I’d go with #4. If rates are going up you want to shorten up duration as much as possible.
D(FLOATING) = .5 x Reset Period = .5 x .25 = .125
D(FIXED) = .75 x Maturity = .75 x 2 = 1.5 years.
If we want to reduce duration, we want to pay fixed(-); receive floating (+), so .125 - 1.5 = -1.375 would reduce the company’s sensitivity to rates moving higher the most.
I’m thinking 2 because you want duration to be close to 0 to have the least amount of interest rate sensitivity.

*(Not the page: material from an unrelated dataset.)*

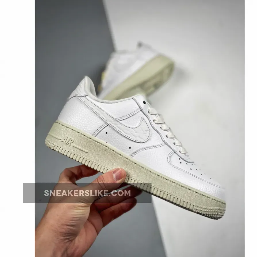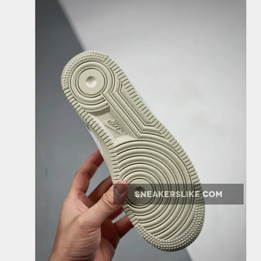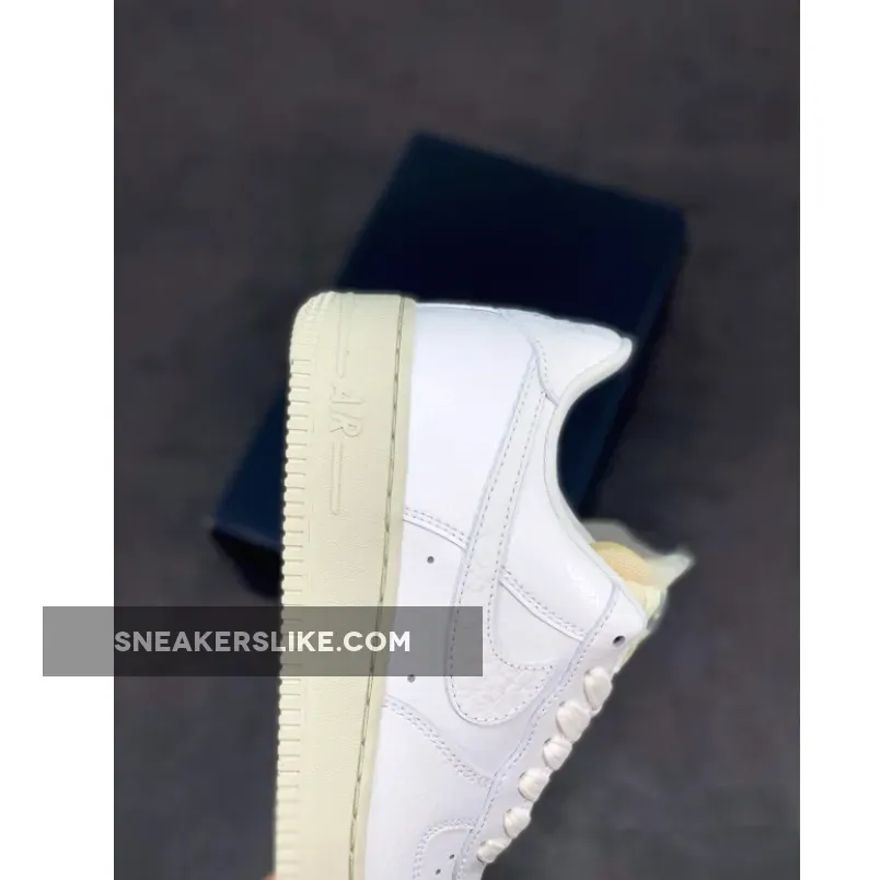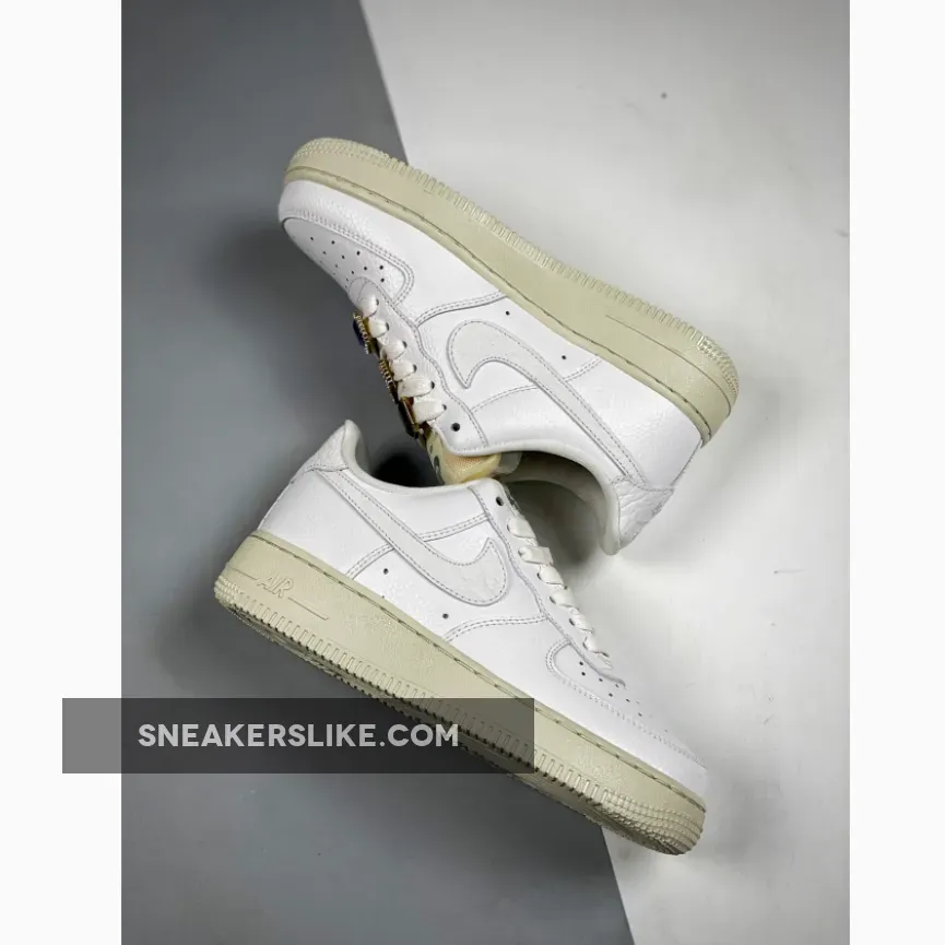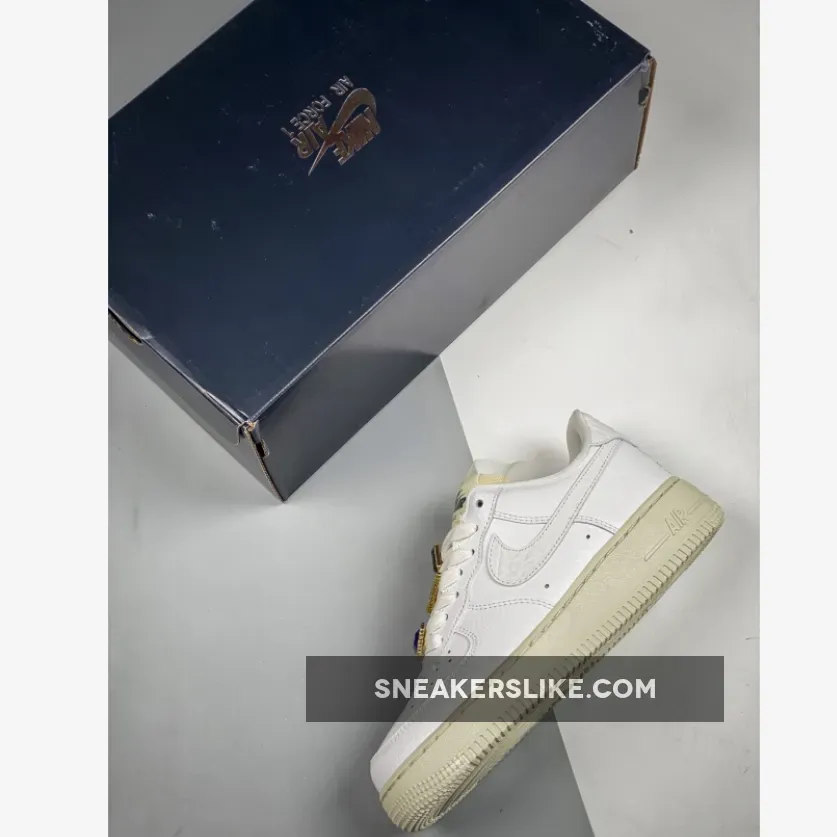 This Air Force 1 continues this relatively long-running series, though with subtle tweaks to the established formula. White leathers still take the lead, however, constructing much of the upper against the footbed of a slightly aged, moderately yellowed tooling and the mesh of the multi-layered tongue. Tumbled Swooshes also obstruct the norm a fair bit in tandem with the gold-backed amethyst and amber jewels.

My understanding is negative duration will give you the same amount of sensitivity to a position with the same positive amount of duration. The only difference is that the negative duration will mean your position value increases with rate increases and decreases with rate decreases.
I realize I didn’t make mention of the company’s original portfolio. But it is assumed to be 0.
CFA Institute’s historical position has been that you want the swap with the smallest notional value; that’s the one with the longest net duration.
Coincidentally or not, your understanding is correct.
@S2000magician what’s the intuition for the relationship between the swap with the smallest notional value corresponding to the longest net duration?
I don’t know anything about intuition, but I can give you some understanding.
Changing the duration of a fixed income portfolio involves adding or subtracting a given amount of money duration. For a given amount of money duration, if the duration increases, the money (value) must decrease, and vice versa.